» **SUPPLIED DATA**
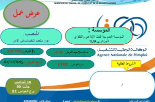 وزارة العمل والتشغيل والضمان الاجتماعي الوكالة الوطنية للتشغيل الملحقة المحلية للتشغيل – جانت ads عرض عمل المؤسسة: المؤسسة العمومية للبث الإذاعي والتلفزي الجزائري TDA المنصب: عون متعدد الخدمات في الأمن تاريخ العرض: 02 / 12 / 2025 مدة صلاحية العرض: 03 أيام نوع العرض: …
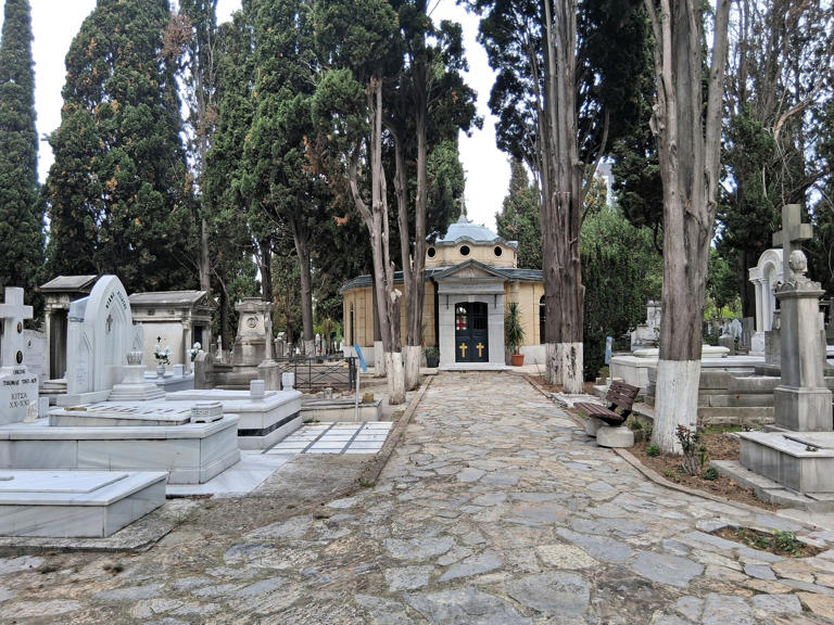 Μόλις περνώ την επιβλητική πύλη του κοιμητηρίου, στην οποία δεσπόζει η μεγάλη επιγραφή «ΝΕΚΡΟΤΑΦΕΙΟΝ ΤΗΣ ΡΩΜ(ΑΙΙΚΗΣ) ΟΡΘΟΔΟΞΟΥ ΚΟΙΝΟΤΗΤΟΣ», με υποδέχεται ο πατέρας Φώτιος. Ιερουργεί εκεί κάθε Σάββατο και είναι υπεύθυνος για τη φροντίδα και τη διατήρηση αυτού του ιερού τόπου. Μια ήρεμη και φωτεινή παρουσία, σχεδόν καθησυχαστική. Από τα πρώτα του λόγια καταλαβαίνεις πως πρόκειται για έναν άνθρωπο που γνωρίζει και αφηγείται την πολύτιμη ιστορία του τόπου αυτού με σεβασμό και αγάπη. Όπως μου εξηγεί, οι ταφικές στήλες και οι προτομές που απλώνονται τριγύρω δεν είναι απλώς μνήματα. Είναι έργα τέχνης, μαρτυρίες μιας εποχής κατά τη διάρκεια της οποίας, όπως τονίζει, πολλές φορές ακόμη και ο θάνατος εκφραζόταν με αισθητική και ευγένεια.
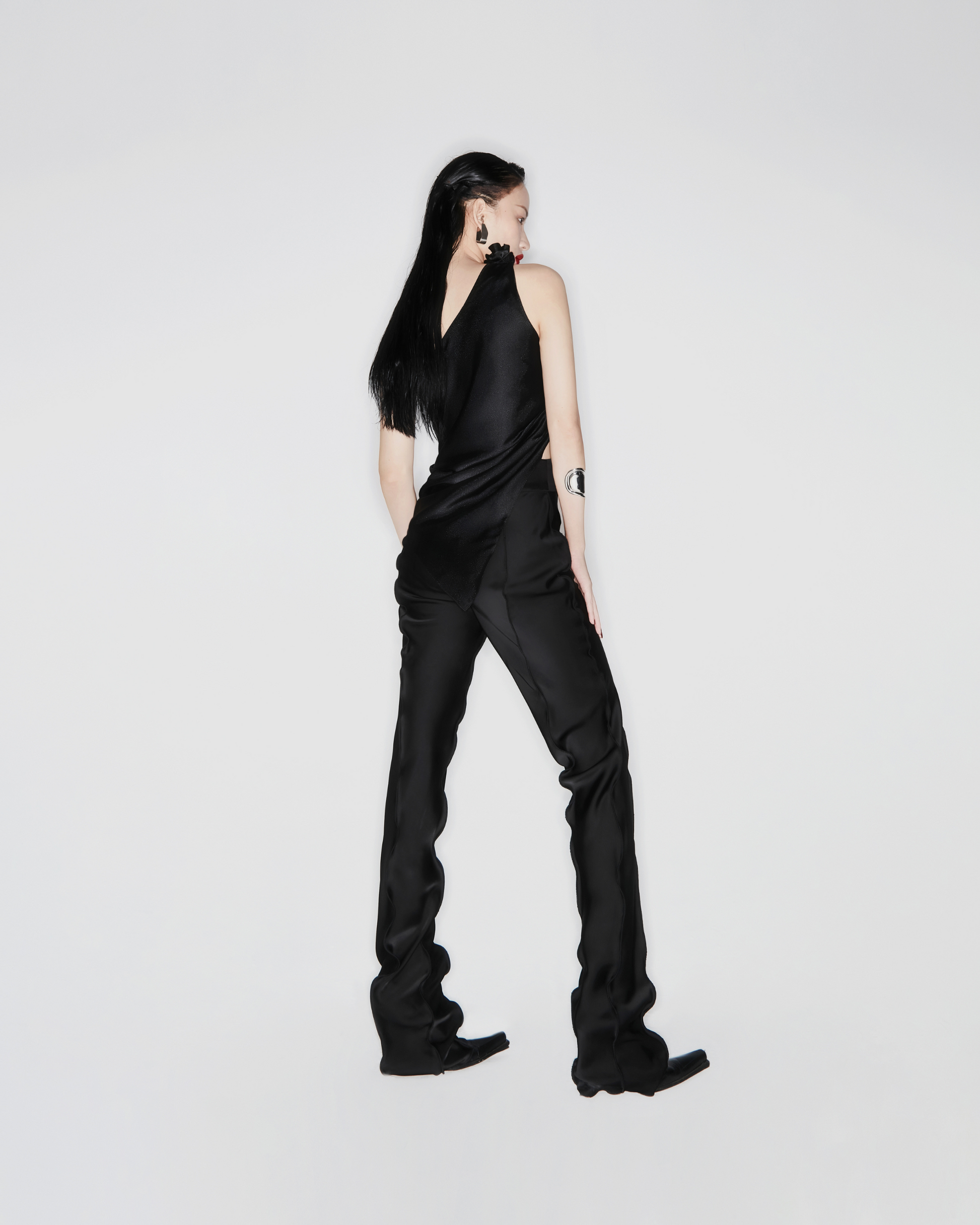 Black One Shoulder Silk Top
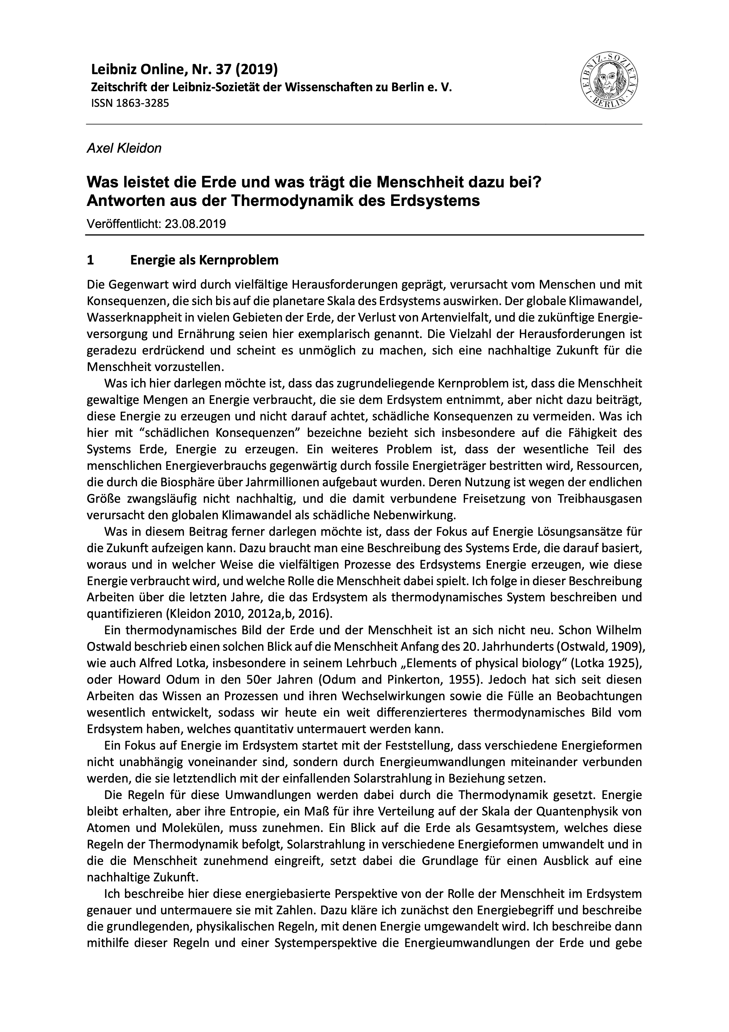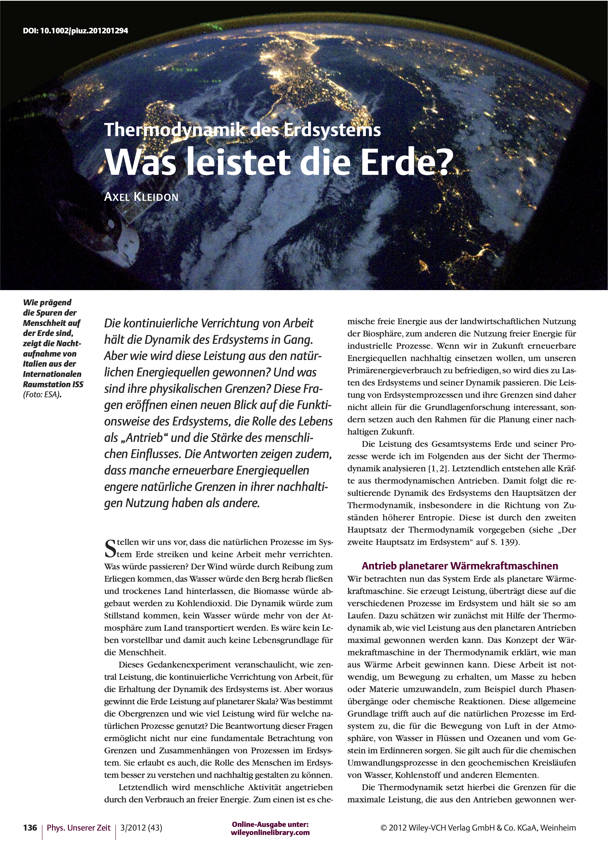 Die Erde als thermodynamisches System betrachtet arbeitet als planetare Wärmekraftmaschine. Sie erzeugt Leistung, verrichtet Arbeit und erhält damit die Dynamik. Die Grenzen beschreibt die Thermodynamik, insbesondere der zweite Hauptsatz, der die Umsetzung von Wärme zu Leistung limitiert. Diese Betrachtungsweise erschließt eine grundsätzliche Perspektive über die Zusammenhänge und Wechselwirkungen von planetaren Antrieben und Erdsystemprozessen. Sie macht deutlich, wie die physikalische Leistung im Erdsystem limitiert ist. Zudem zeigt sie, welche zentrale Bedeutung das Leben auf der Erde für die Erzeugung von chemischer freier Energie hat. Allerdings verbraucht die menschliche Aktivität bereits auf planetarer Skala erheblich an freier Energie. Eine nachhaltige Planung der Zukunft sollte darauf zielen, durch effizientere Nutzung der Solarstrahlung die Gesamtleistung des Erdsystems zu erhöhen.

» **WORK ITEM**
Only text belongs in the copy: repeat each line of the data exactly and leave out the pictures.

» **ANSWER AREA**
 وزارة العمل والتشغيل والضمان الاجتماعي الوكالة الوطنية للتشغيل الملحقة المحلية للتشغيل – جانت ads عرض عمل المؤسسة: المؤسسة العمومية للبث الإذاعي والتلفزي الجزائري TDA المنصب: عون متعدد الخدمات في الأمن تاريخ العرض: 02 / 12 / 2025 مدة صلاحية العرض: 03 أيام نوع العرض: …
 Μόλις περνώ την επιβλητική πύλη του κοιμητηρίου, στην οποία δεσπόζει η μεγάλη επιγραφή «ΝΕΚΡΟΤΑΦΕΙΟΝ ΤΗΣ ΡΩΜ(ΑΙΙΚΗΣ) ΟΡΘΟΔΟΞΟΥ ΚΟΙΝΟΤΗΤΟΣ», με υποδέχεται ο πατέρας Φώτιος. Ιερουργεί εκεί κάθε Σάββατο και είναι υπεύθυνος για τη φροντίδα και τη διατήρηση αυτού του ιερού τόπου. Μια ήρεμη και φωτεινή παρουσία, σχεδόν καθησυχαστική. Από τα πρώτα του λόγια καταλαβαίνεις πως πρόκειται για έναν άνθρωπο που γνωρίζει και αφηγείται την πολύτιμη ιστορία του τόπου αυτού με σεβασμό και αγάπη. Όπως μου εξηγεί, οι ταφικές στήλες και οι προτομές που απλώνονται τριγύρω δεν είναι απλώς μνήματα. Είναι έργα τέχνης, μαρτυρίες μιας εποχής κατά τη διάρκεια της οποίας, όπως τονίζει, πολλές φορές ακόμη και ο θάνατος εκφραζόταν με αισθητική και ευγένεια.
 Black One Shoulder Silk Top
 Die Erde als thermodynamisches System betrachtet arbeitet als planetare Wärmekraftmaschine. Sie erzeugt Leistung, verrichtet Arbeit und erhält damit die Dynamik. Die Grenzen beschreibt die Thermodynamik, insbesondere der zweite Hauptsatz, der die Umsetzung von Wärme zu Leistung limitiert. Diese Betrachtungsweise erschließt eine grundsätzliche Perspektive über die Zusammenhänge und Wechselwirkungen von planetaren Antrieben und Erdsystemprozessen. Sie macht deutlich, wie die physikalische Leistung im Erdsystem limitiert ist. Zudem zeigt sie, welche zentrale Bedeutung das Leben auf der Erde für die Erzeugung von chemischer freier Energie hat. Allerdings verbraucht die menschliche Aktivität bereits auf planetarer Skala erheblich an freier Energie. Eine nachhaltige Planung der Zukunft sollte darauf zielen, durch effizientere Nutzung der Solarstrahlung die Gesamtleistung des Erdsystems zu erhöhen.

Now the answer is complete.